Juan Pablo Ramírez Velásquez (26 November 1997) is a Colombian footballer who plays as an attacking midfielder for Brazilian club América Mineiro, on loan from Atlético Nacional.

Club career
Ramírez was born in Rionegro, and started his career with his hometown club Deportivo Rionegro (later renamed Leones FC). He made his first team debut for the side on 11 May 2014, starting in a 0–2 Categoría Primera B away loss against Real Santander.

After featuring regularly for Leones in the 2014 Copa Colombia, Ramírez moved to Atlético Nacional in 2015 and returned to the youth setup. Promoted to the main squad for the 2016 campaign, he made his Categoría Primera A debut on 9 June of that year by coming on as a late substitute for Macnelly Torres in a 1–1 draw at Atlético Junior.

Ramírez scored his first professional goal on 2 July 2016, netting his team's first in a 3–3 away draw against Alianza Petrolera.

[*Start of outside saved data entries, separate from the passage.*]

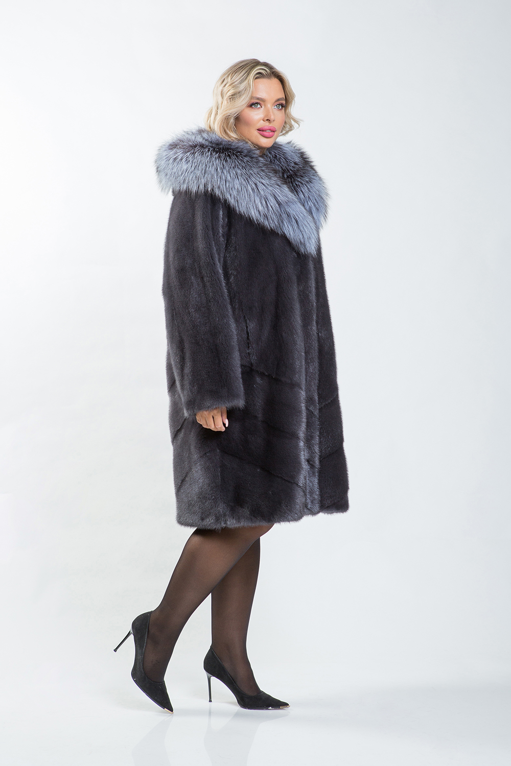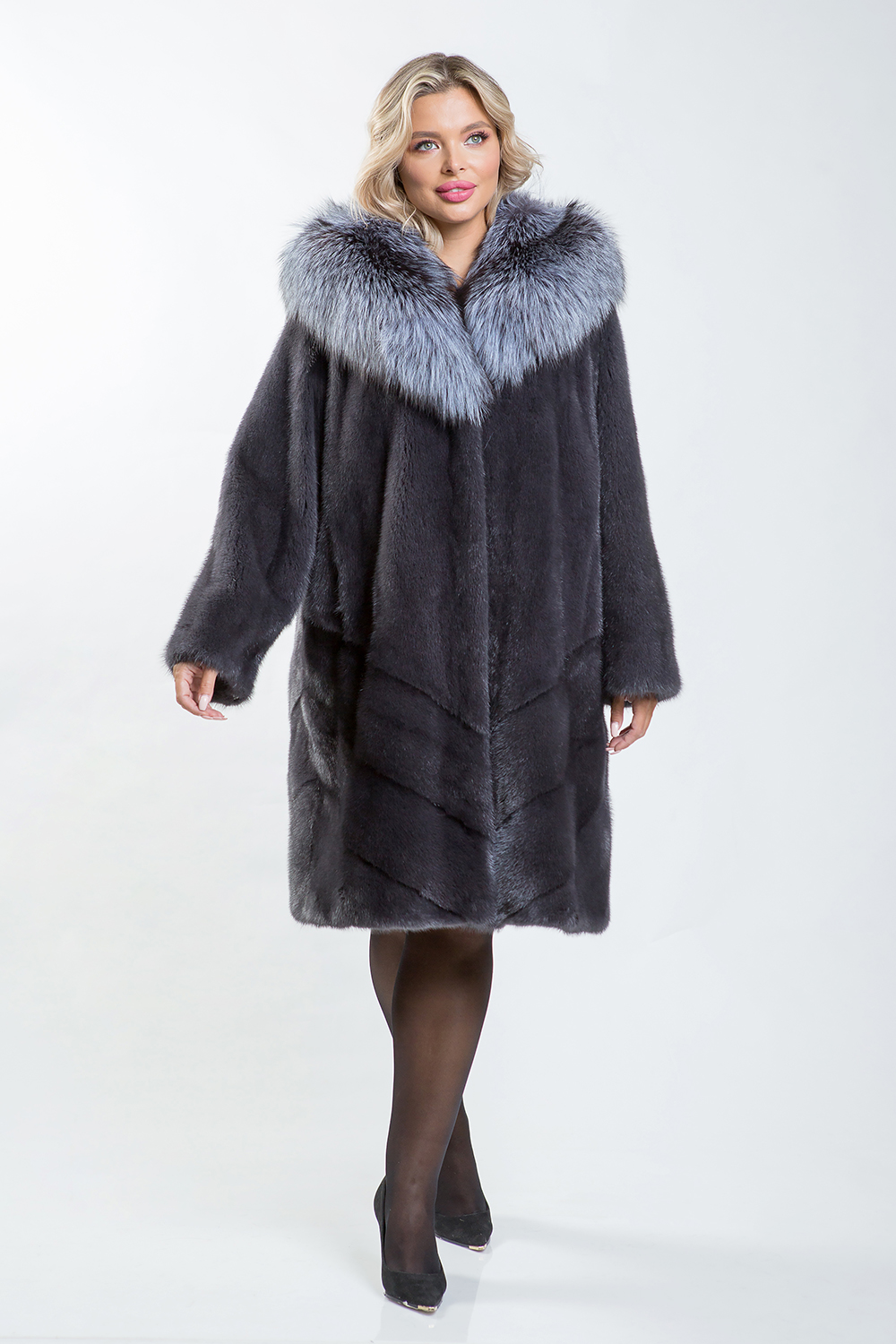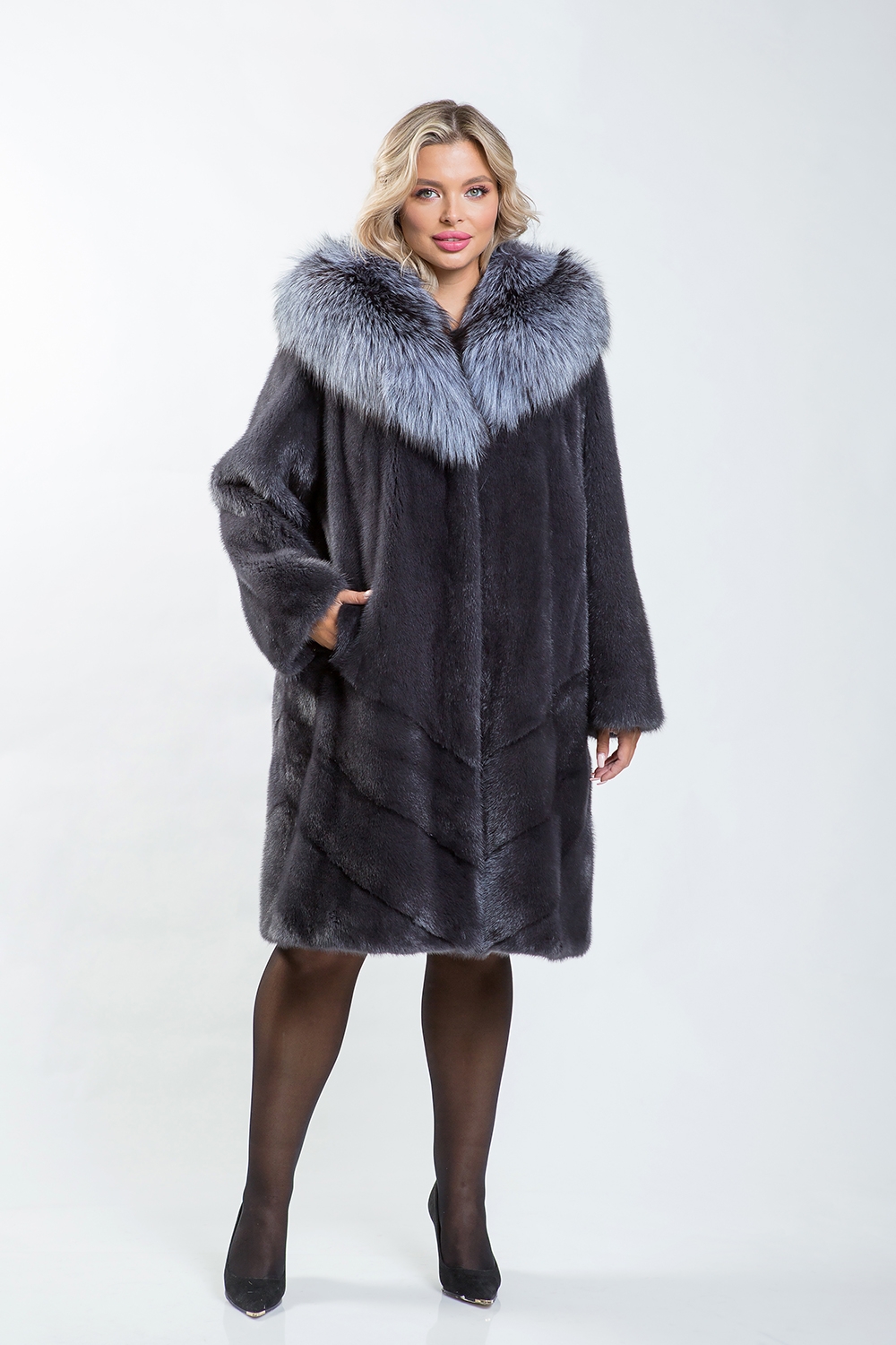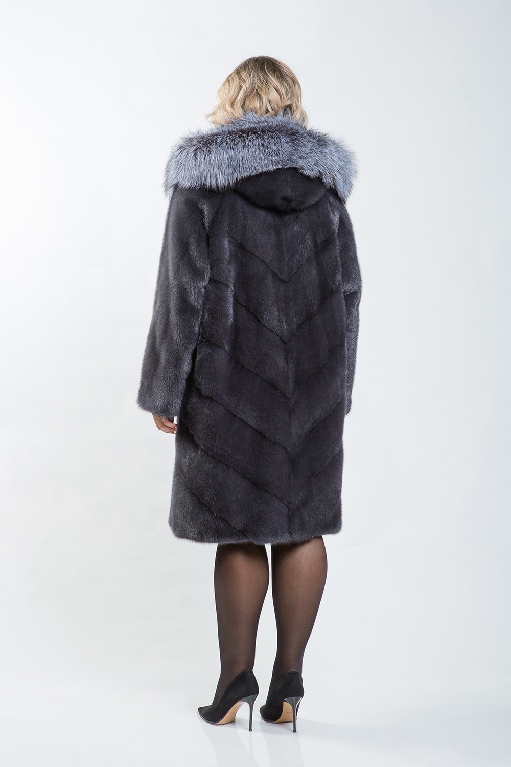 Полупальто из норкового меха украшено капюшоном, отделанным чернобуркой лисой. Модель сочетает в себе несколько техник кроя: перед выполнен в роспуск, низ — с диагональной выкладкой пластин, а спинка представляет собой полностью диагональную выкладку.
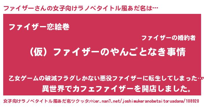 | 男性向けラノベタイトル風あだ名 | 『ファイザーの憂鬱』 |
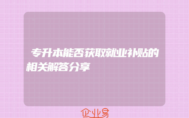 - 专升本能否获取就业补贴的相关解答分享
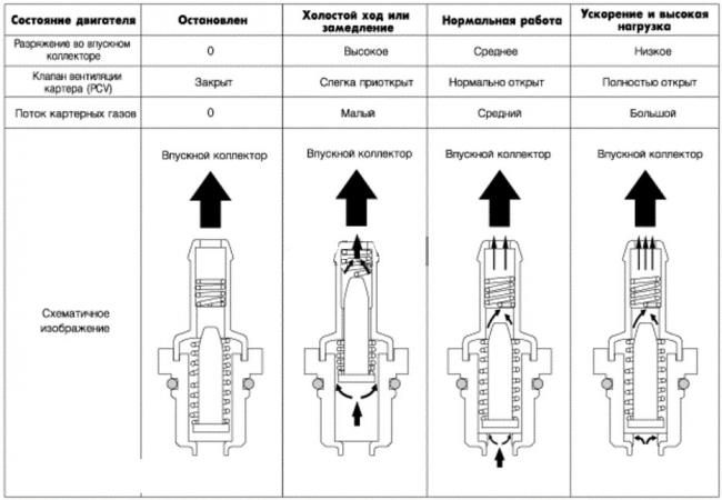 Принцип работы клапана вентиляции картерных газов основан на перепаде давления. За счет этого механизм может находиться в 4 положениях:
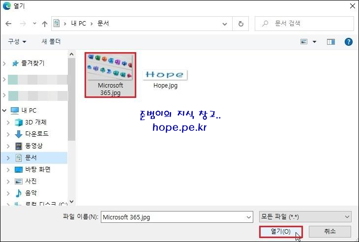 그리고 이미지 선택후 '열기' 를 클릭 합니다.
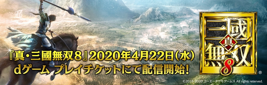 『真・三國無双8』クラウドゲーム 「dゲーム プレイチケット」にて2020年4月22日(水)配信開始!
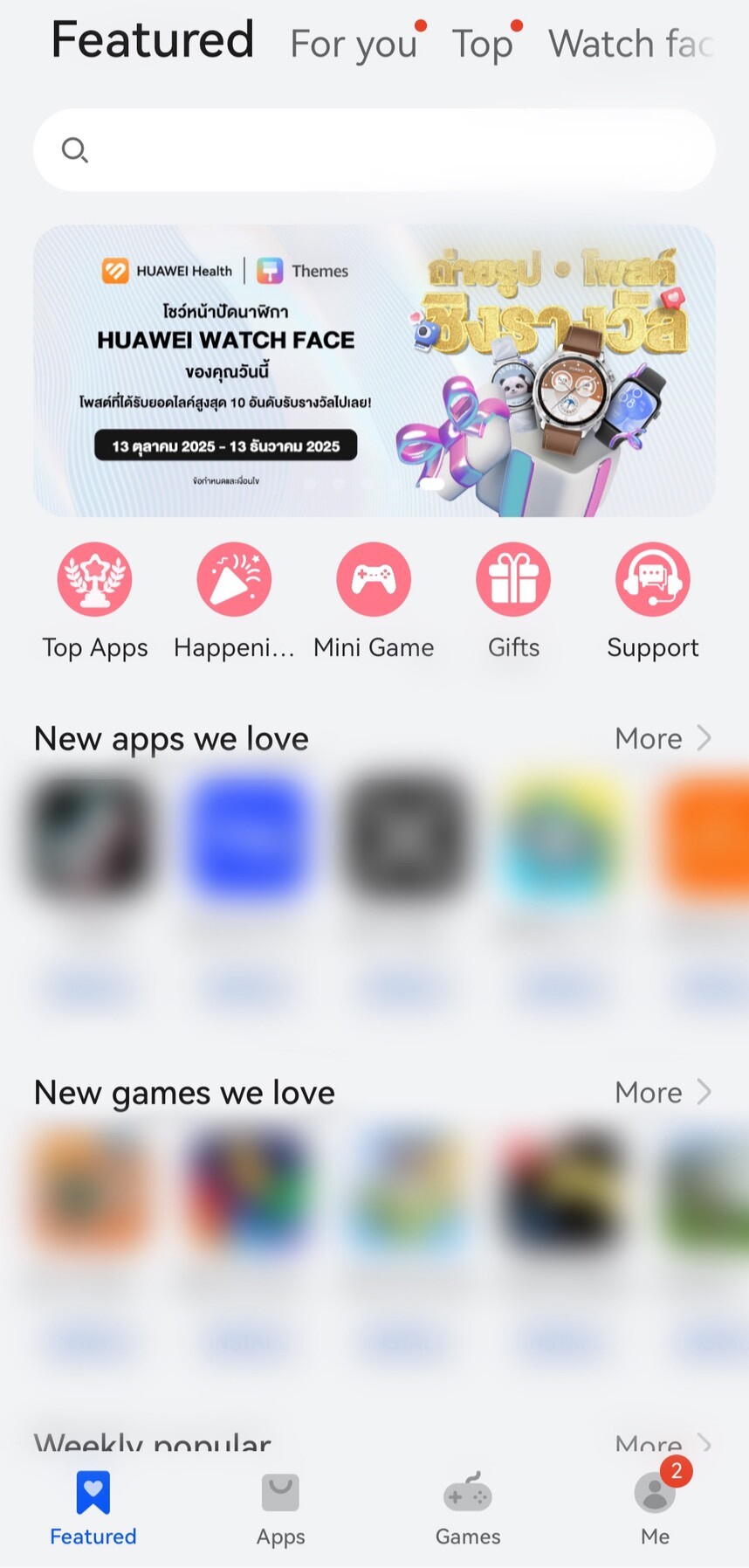 นอกจากนี้ AppGallery ยังมอบสิทธิพิเศษให้กับผู้ใช้หัวเว่ยเป็นของสมนาคุณบนแอปพลิเคชันอยู่เสมอ ไม่ว่าจะเป็นคูปอง ของขวัญ และส่วนลด เพียงเข้าไปที่ AppGallery แล้วกด Me เพื่อไปที่หน้าโปรไฟล์ จากนั้นกดคำว่า Gifts เพื่อเลือกคูปองหรือของสมนาคุณที่ต้องการแลกสิทธิ์ แล้วกด Redeem เพื่อติดตั้งแอปฯ หรือคัดลอกโค้ดสำหรับแลกสิทธิ์ พร้อมกันนี้หัวเว่ยยังคัดสรรคอนเทนต์และกิจกรรมที่กำลังเป็นเทรนด์หรือเข้ากับไลฟ์สไตล์ของผู้ใช้มาไว้ให้ในแท็ป “For You” ให้ลองไปเลือกดูกิจกรรมที่สนใจได้
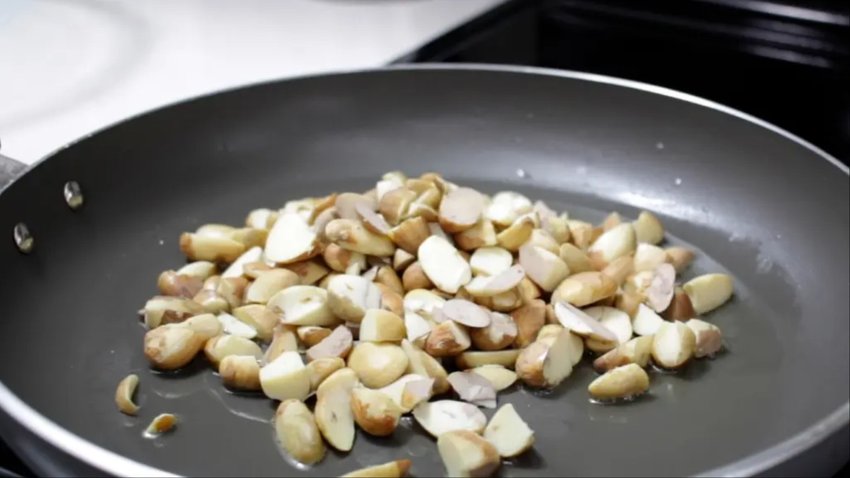 तो आपको करना ये है कि पके हुए कटहल से बीज निकाल लें और फिर इसे धो लें। अब एक कड़ाही लें और इसमें थोड़ा सा नमक डालें और इसे गर्म करें। फिर इसमें बीज डालें और हल्के हाथों से भूनते रहें। तब तक जब तक आपको इससे आवाज न आने लगे या फिट इसके फटने की आवाज न आने लगे। जब ये लाल हो जाए और इसका छिलका निकलने लगे को गैस बंद करें। इसके बाद इससे बीज निकाल लें और फिर इसमें नमक और लाल मिर्च मिलाएं। इसके बाद इसे खाएं।
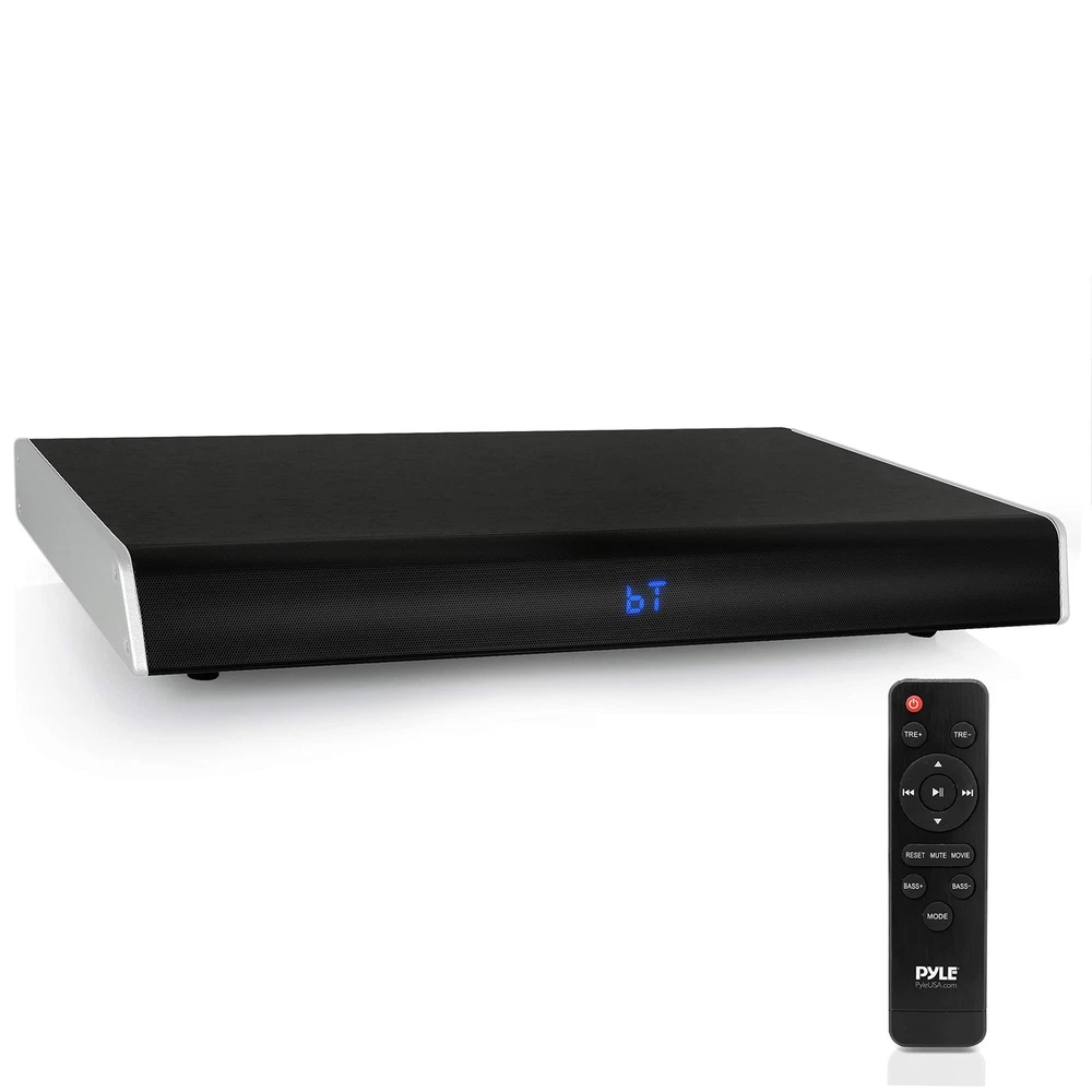 Pyle Surround Sound TV Sound Bar - Bluetooth Compatible Wireless Soundbar for TV w/Built-in Subwoofer Speaker - Television Sound Bar System w/LCD/Digital Optical Audio/RCA/AUX/USB - PSBV820BT, Black Low Profile Sound Base Speaker System Designed to Sit Under Your Television Versatile Home Theater Entertainment Tabletop TV Stand with Full Range Stereo Sound Bluetooth Wireless Music Streaming Ability Works with All of Your Favorite Devices 2.1 Channel Digital System - Connect to Smartphones, Tablets, MP3 Players, Laptops, PC, etc. Sound System: (1) 5'' Woofers, (2) 1.5'' Speakers - Max Power: 25 Watt x 2 (100 Watt Woofer) Power source type: Corded Electric
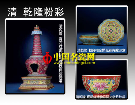 乾隆时期的粉彩的特征明显,总结起来主要表现在几个方面:首先在用色和施彩的工艺方面有了新的发展,除以粉彩绘画为主,还常加绘料彩、金彩或黑彩,或与青花五彩、斗彩并施于一器。其次,在装饰方法上出现多种色地“开光”粉彩,如红、黄、蓝、绿、紫及多种色釉为地,可达十多种。第三,乾隆粉彩利用粉彩粉润柔和的质感,用粉化的各种彩料仿制各种工艺品。第四,乾隆粉彩有一个独有的特征,即器物口部及底部都施松石绿釉。第五,乾隆官窑粉彩的纹饰一般是“大内”送来的图样,主题纹饰按不同时节都有严格规定。第六,乾隆粉彩的造型工艺更是精益求精,不论是高达一米多的大型陈设瓷,还是小至几厘米的扳指、鼻烟壶,造型都非常规整,很少出现夹扁或歪塌现象。
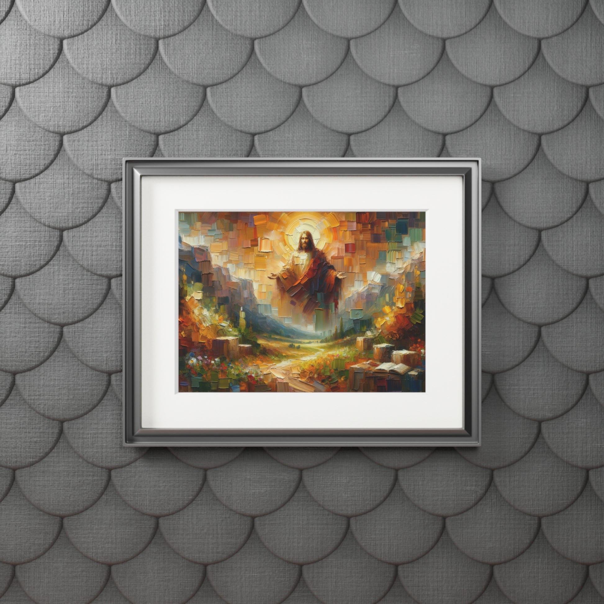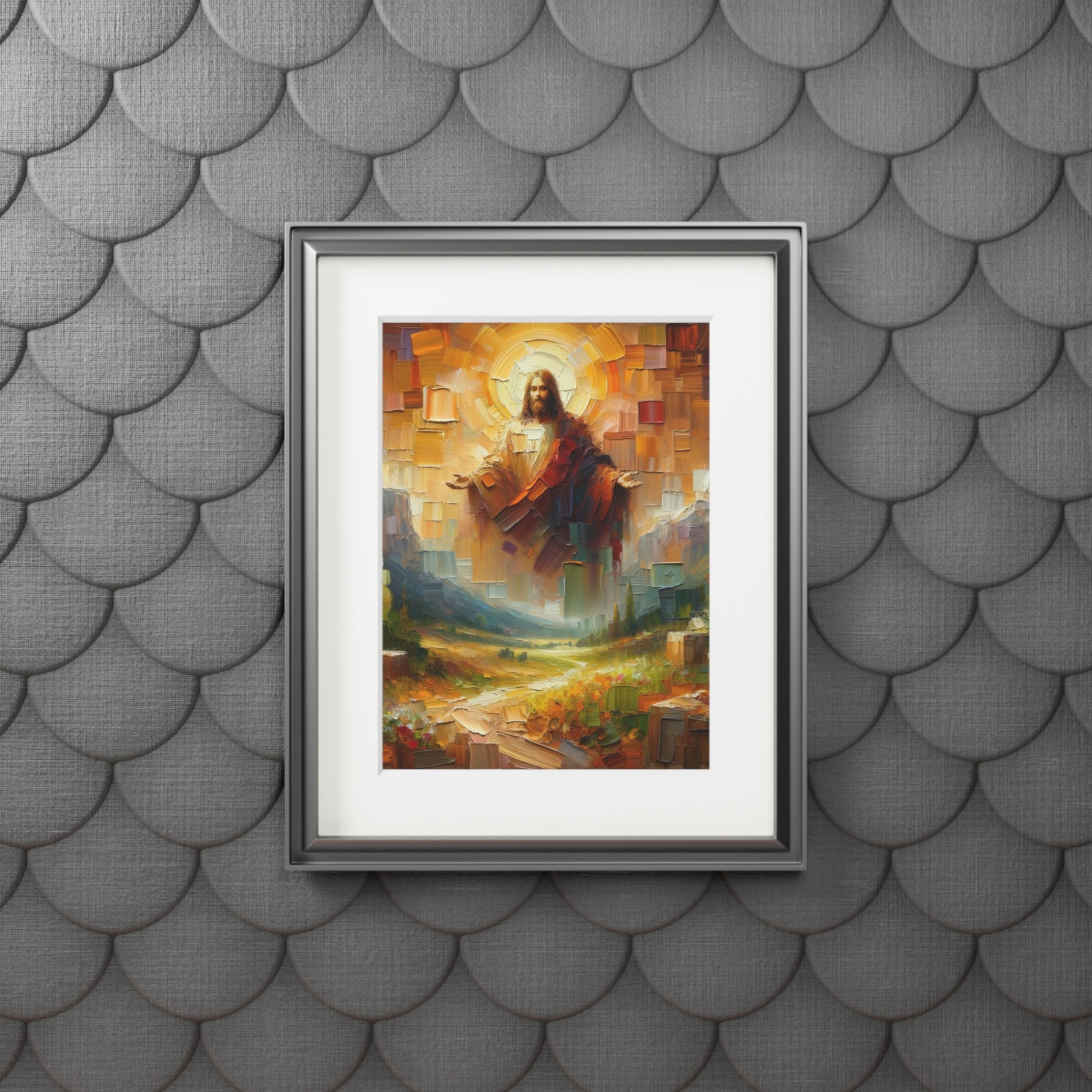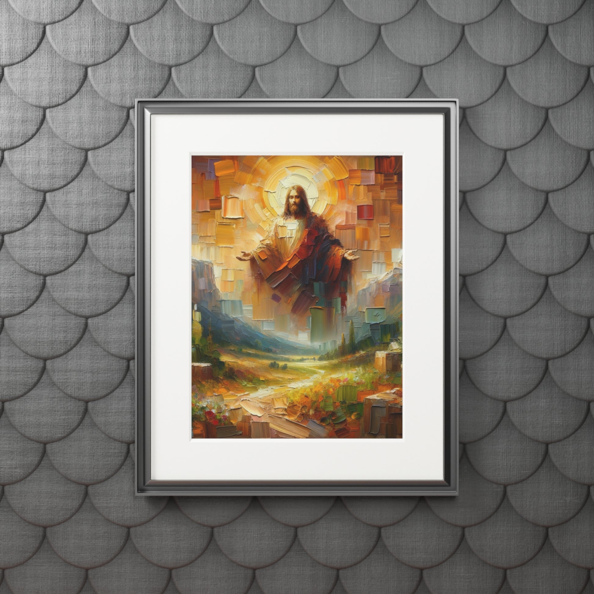 Set against a radiant mountain landscape, Jesus stands at the heart of golden light — His presence both commanding and tender. The geometric brushwork glows with earthy oranges, cool blues, and warm ambers, symbolizing the complexity of human emotion met with divine clarity. This piece invites viewers to rest in the peace of being fully seen, fully known, and fully loved.

He could not establish himself as a regular starter for the Verdolagas, and subsequently served loans at Deportivo Pasto and former side Leones before being recalled by Atlético Nacional in July 2018.

In February 2020, Ramírez moved to Atlético Bucaramanga on loan for the season. On 9 November, still owned by Atlético Nacional, he joined Brazilian Série A side Bahia on loan until December 2021.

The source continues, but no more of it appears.